### RECORDS FOR PROCESSING
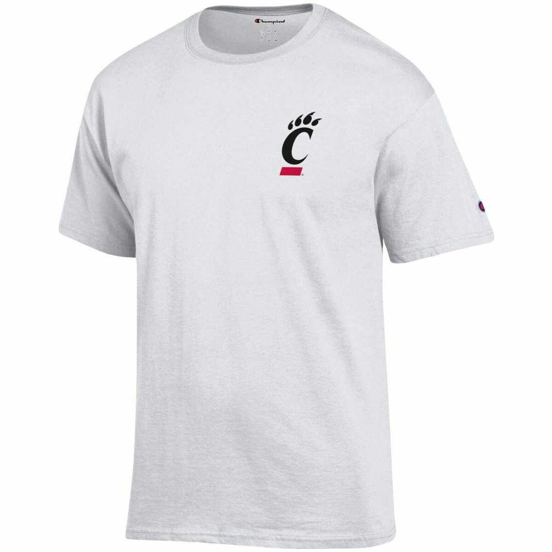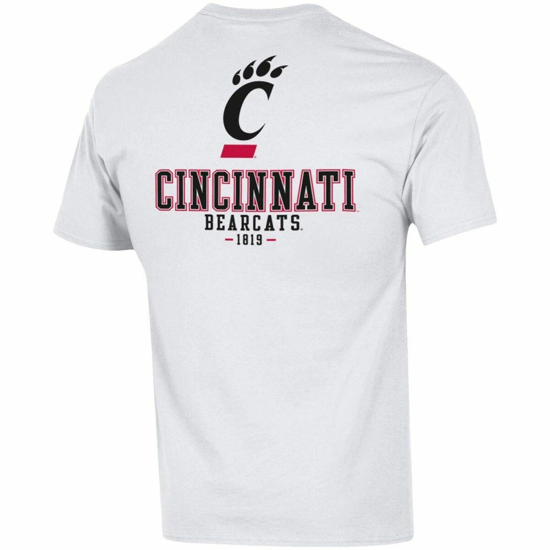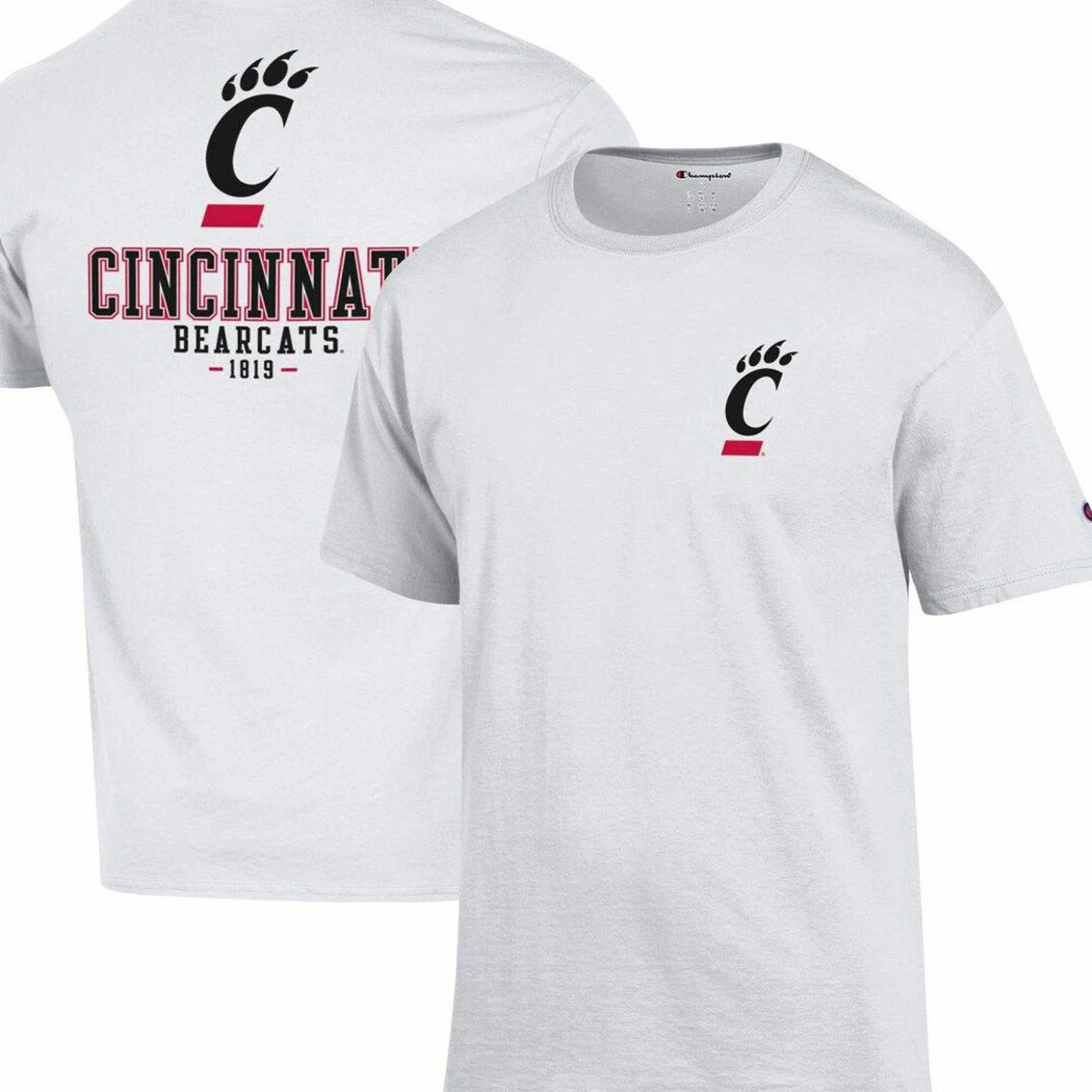 - People coming or going will see your Cincinnati Bearcats fandom when you wear this Stack 2-Hit T-shirt from Champion. It features the Cincinnati Bearcats logo on the front and team graphics printed on the back. Additionally, the cotton material provides a comfortable feel.
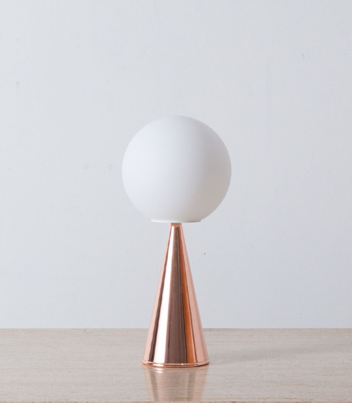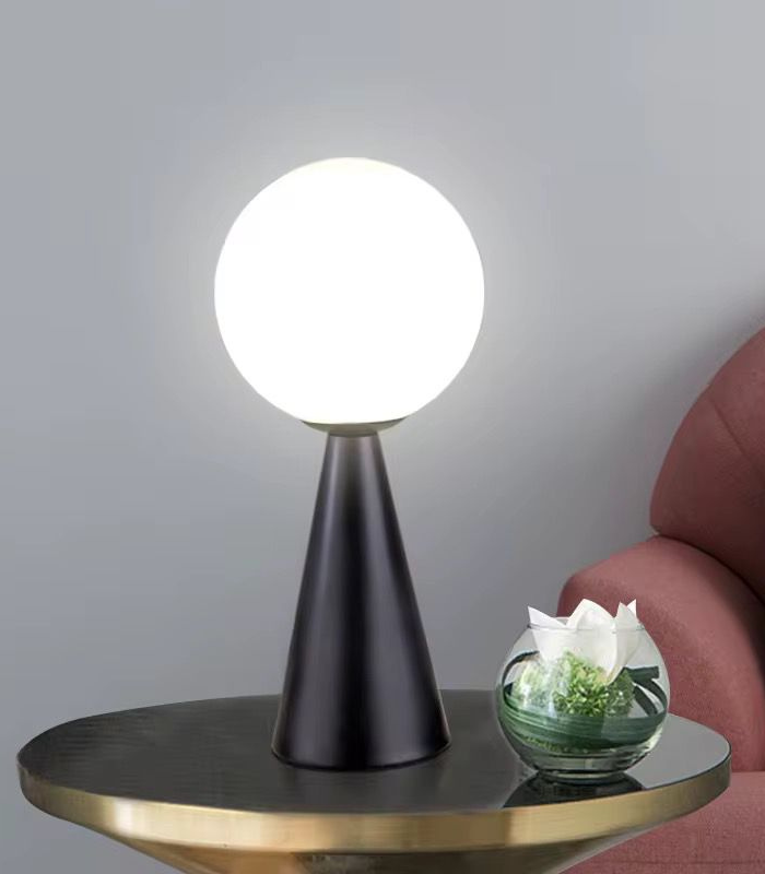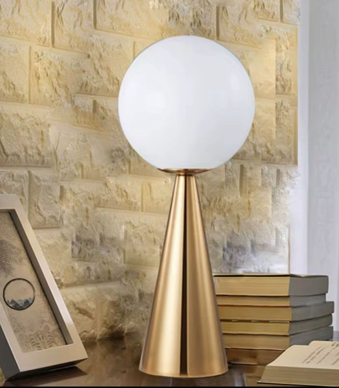 The lamp’s design features a striking contrast: a sharp, conical base in a brushed metallic gold finish provides a strong, modern foundation. This is topped by a perfectly spherical white glass ball, which diffuses the light to create a soft, warm, and inviting glow.
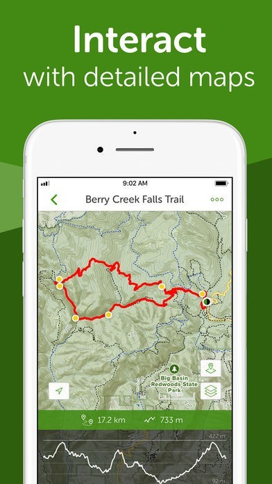 このアプリには、50,000以上のハイキングコースとマウンテンバイクのコースが含まれています。コースには他のユーザーのレビューが投稿されており、好みのコースを発見できます。
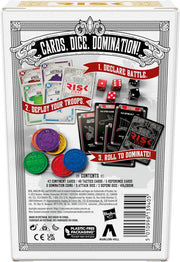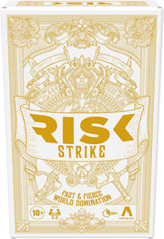 Fast and fierce world domination! Get off the board and right into the action with this Risk Strike cards and dice game, a fresh twist on the Risk board game! Gameplay is simple, but highly strategic. Declare which continent you want to attack, deploys your troops, and roll the dice to start battling. Use tactics cards to sabotage, bombard, spy, and more in pursuit of world conquest. Defeat your opponents in battle to conquer continents and earn domination coins. The first player to earn 2 domination coins wins! The Risk Strike game is an exciting blend of classic Risk gameplay and the raw emotions of fleeting alliances that can turn on you with the play of a card. It's a fun strategy card game for Family Game Night, and with a compact size, it makes a great travel card game for playing anytime, nearly anywhere! Risk, Avalon Hill, Hasbro and all related trademarks and logos are trademarks of Hasbro.
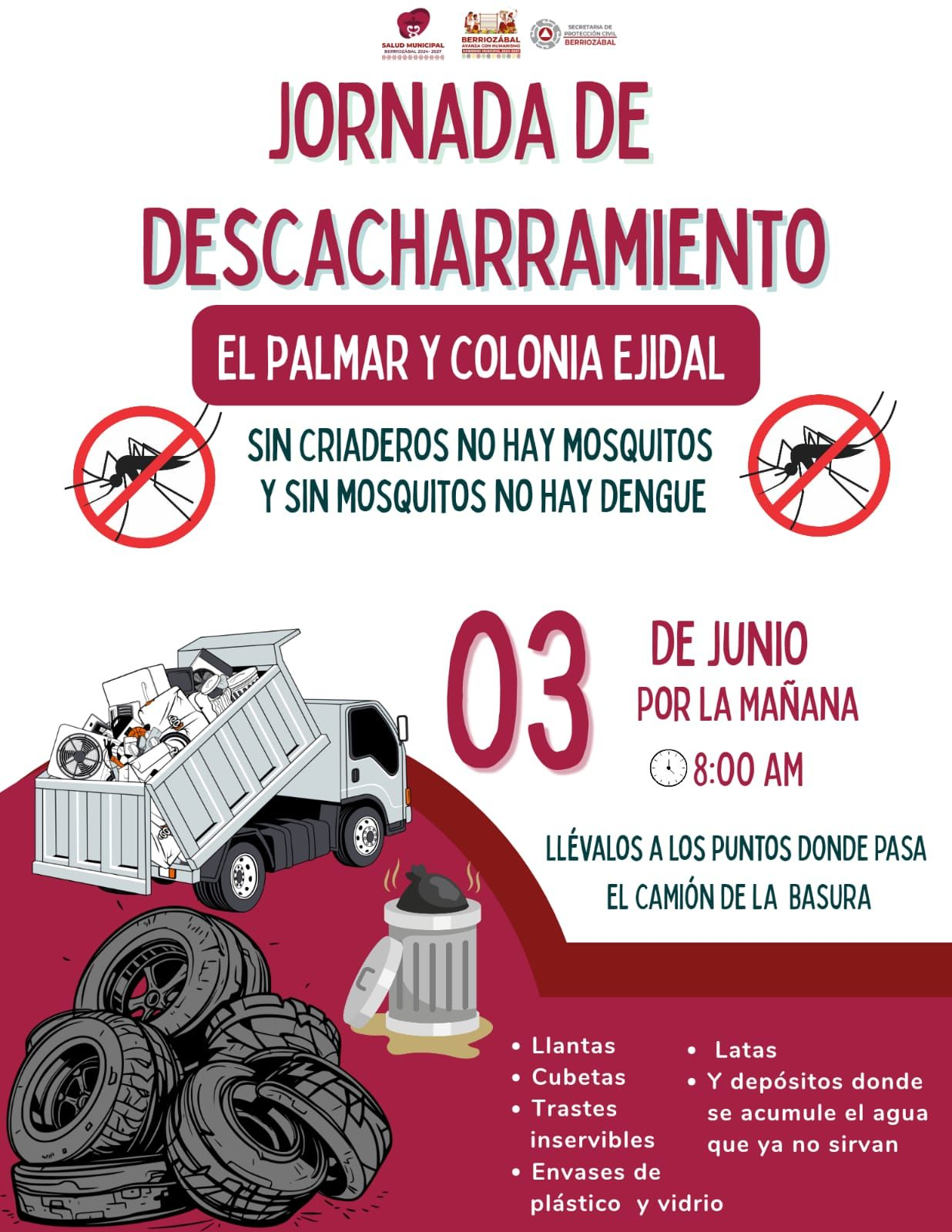 Con el objetivo de prevenir enfermedades transmitidas por el mosquito Aedes aegypti, como el dengue, zika y chikungunya, el Ayuntamiento de Berriozábal realizará este martes 3 de junio una jornada de descacharramiento en las colonias El Palmar y Ejidal. La actividad dará inicio a partir de las 8:00 de la mañana y busca la participación activa de la ciudadanía.
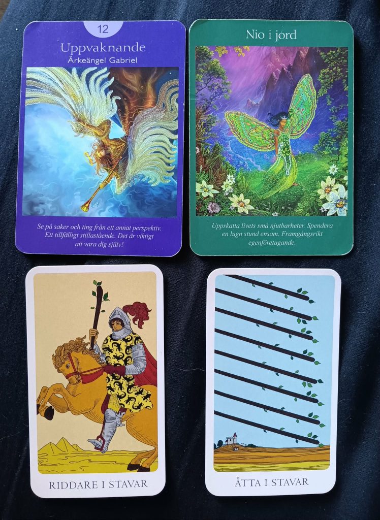 Framgång i något område bekräftas med 8 i Stavar. Något spännande sker och kanske i hög hastighet. En spännande period är här. Var dig själv och du kan komma hur långt som helst! Som sagt så är DU unik på ditt eget sätt! Använd din kraft för att genomföra projekt som du åtagit dig. Det du ger fokus och kraft på ger utdelning. Känner du rädsla inför något? Fråga dig själv varför och hur du kan bemöta det. När vi vågar göra sådant som är skrämmande och märker att det faktiskt inte var så farligt så finner vi ny styrka att fortsätta. Ett steg i taget och du kommer att märka med tiden att det var helt onödigt att oroa sig och inbilla det värsta. Kan du inbilla det värsta så kan du inbilla dig det bästa också! Träna och du får tillbaka din kraft att manifestera ditt bästa liv!

### EXERCISE GOAL
Restate the data above verbatim, skipping every image.

### OUTPUT OF THE TASK
 - People coming or going will see your Cincinnati Bearcats fandom when you wear this Stack 2-Hit T-shirt from Champion. It features the Cincinnati Bearcats logo on the front and team graphics printed on the back. Additionally, the cotton material provides a comfortable feel.
 The lamp’s design features a striking contrast: a sharp, conical base in a brushed metallic gold finish provides a strong, modern foundation. This is topped by a perfectly spherical white glass ball, which diffuses the light to create a soft, warm, and inviting glow.
 このアプリには、50,000以上のハイキングコースとマウンテンバイクのコースが含まれています。コースには他のユーザーのレビューが投稿されており、好みのコースを発見できます。
 Fast and fierce world domination! Get off the board and right into the action with this Risk Strike cards and dice game, a fresh twist on the Risk board game! Gameplay is simple, but highly strategic. Declare which continent you want to attack, deploys your troops, and roll the dice to start battling. Use tactics cards to sabotage, bombard, spy, and more in pursuit of world conquest. Defeat your opponents in battle to conquer continents and earn domination coins. The first player to earn 2 domination coins wins! The Risk Strike game is an exciting blend of classic Risk gameplay and the raw emotions of fleeting alliances that can turn on you with the play of a card. It's a fun strategy card game for Family Game Night, and with a compact size, it makes a great travel card game for playing anytime, nearly anywhere! Risk, Avalon Hill, Hasbro and all related trademarks and logos are trademarks of Hasbro.
 Con el objetivo de prevenir enfermedades transmitidas por el mosquito Aedes aegypti, como el dengue, zika y chikungunya, el Ayuntamiento de Berriozábal realizará este martes 3 de junio una jornada de descacharramiento en las colonias El Palmar y Ejidal. La actividad dará inicio a partir de las 8:00 de la mañana y busca la participación activa de la ciudadanía.
 Framgång i något område bekräftas med 8 i Stavar. Något spännande sker och kanske i hög hastighet. En spännande period är här. Var dig själv och du kan komma hur långt som helst! Som sagt så är DU unik på ditt eget sätt! Använd din kraft för att genomföra projekt som du åtagit dig. Det du ger fokus och kraft på ger utdelning. Känner du rädsla inför något? Fråga dig själv varför och hur du kan bemöta det. När vi vågar göra sådant som är skrämmande och märker att det faktiskt inte var så farligt så finner vi ny styrka att fortsätta. Ett steg i taget och du kommer att märka med tiden att det var helt onödigt att oroa sig och inbilla det värsta. Kan du inbilla det värsta så kan du inbilla dig det bästa också! Träna och du får tillbaka din kraft att manifestera ditt bästa liv!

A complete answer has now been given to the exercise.